It's no secret that astronauts eat some weird food while in space. (I'm looking at you, thermostabilized pouches of breakfast sausage product.) But this new strain of yeast that turns astronaut urine into food is proof that there's really no limit to how weird science is willing to get when it comes to feeding astronauts in space. 

The scientist behind this innovation is Mark A. Blemmer, a bioengineer and assistant professor at Clemson University, who received a grant from NASA in 2015 to study "Synthetic Biology for Recycling Human Waste into Nutraceuticals and Materials." In other words, how to turn pee into food—or, at least, food supplements—as well as material to use in 3D printing.
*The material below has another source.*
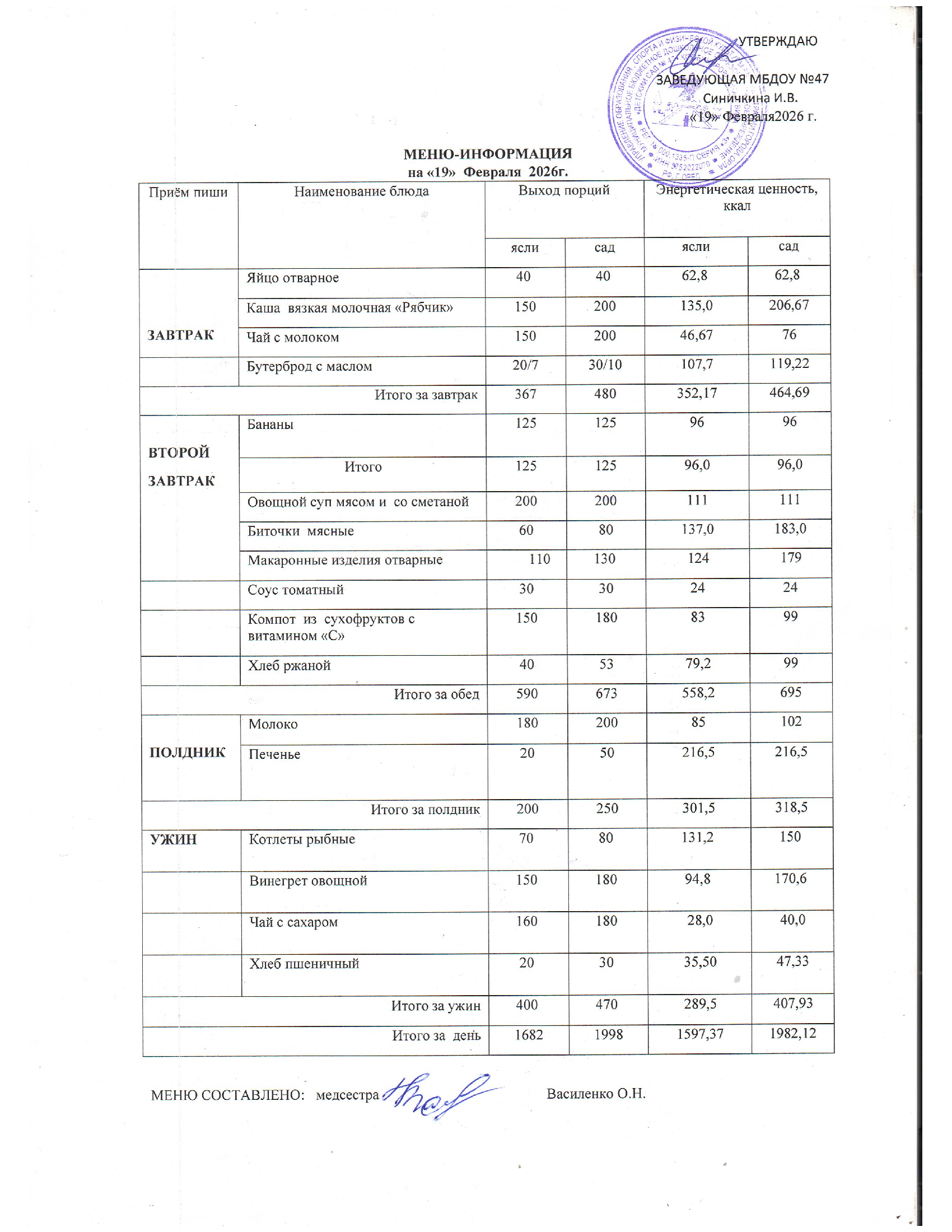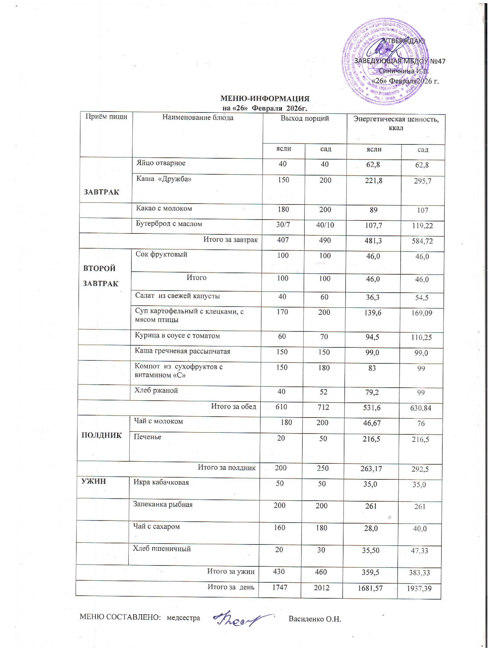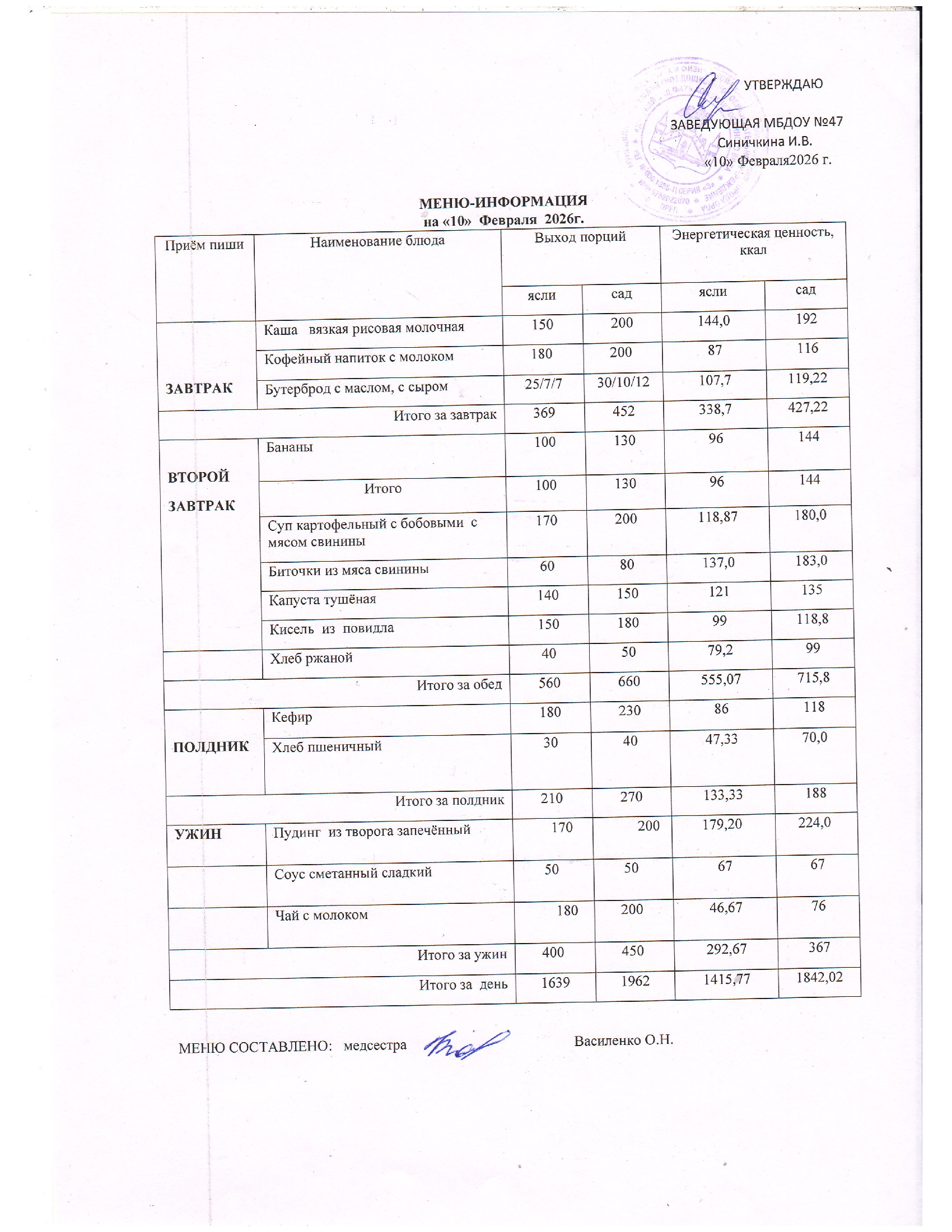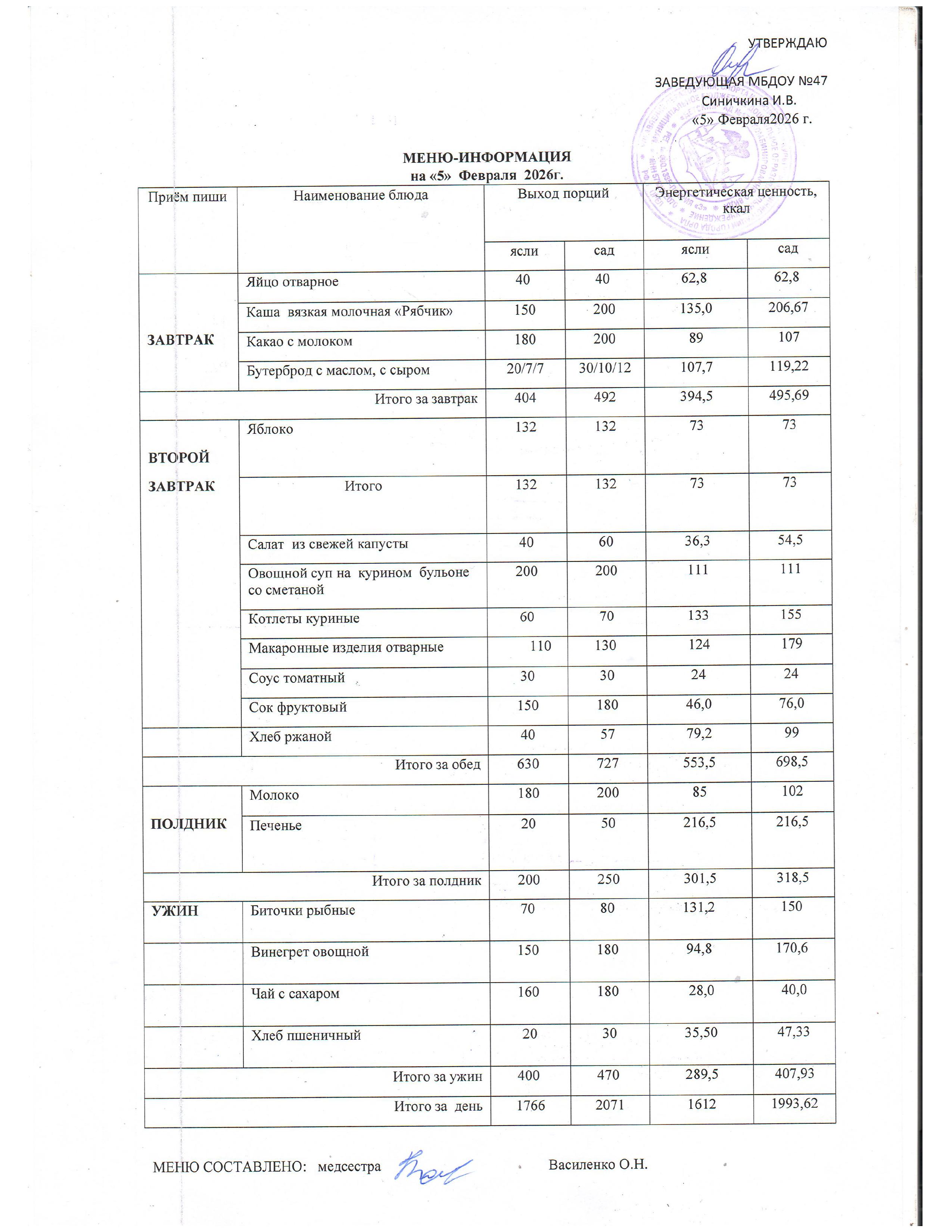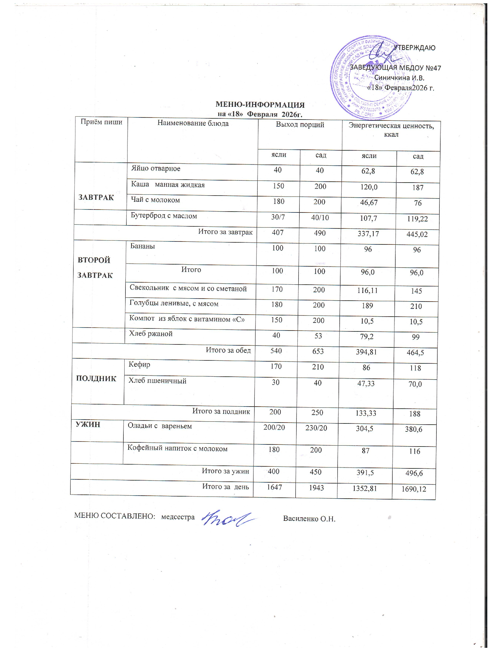 Меню горячего питания

Blemmer and his team engineered two strains of yeast (from the family Yarrowia lipolytica, if you're nasty). One strain of this yeast creates the building blocks of polymer, which can be used to make plastics, while the other strain makes omega-3 fatty acids, a nutrient that can be consumed by humans and added to regular space food to make it more nutritious. The pee comes in because both of these engineered strains need carbon and nitrogen to grow, and these nutrients can be found in astronauts' waste.

Before you get totally squicked out by the idea of astronauts eating or using strains of yeast that are basically watered with their own urine, there are two very important things to know. The first is that urine is theoretically sterile, meaning there shouldn't be any bacteria that could get you sick floating around in there (unless, of course, you have a UTI or other infection). The second is that astronauts on the International Space Station have been turning their bodily fluids—specifically urine and sweat—into drinking water since 2009. They've also been using filtered urine to care for space plants

If you're the kind of person who dreams of eating breakfast on Mars at some point in your lifetime, you should probably get used to the idea of eating food made from your urine, too. As Blemmer explained in a press release published by the American Chemical Society, "If astronauts are going to make journeys that span several years, we’ll need to find a way to reuse and recycle everything they bring with them." And for better or worse, that includes recycling pee.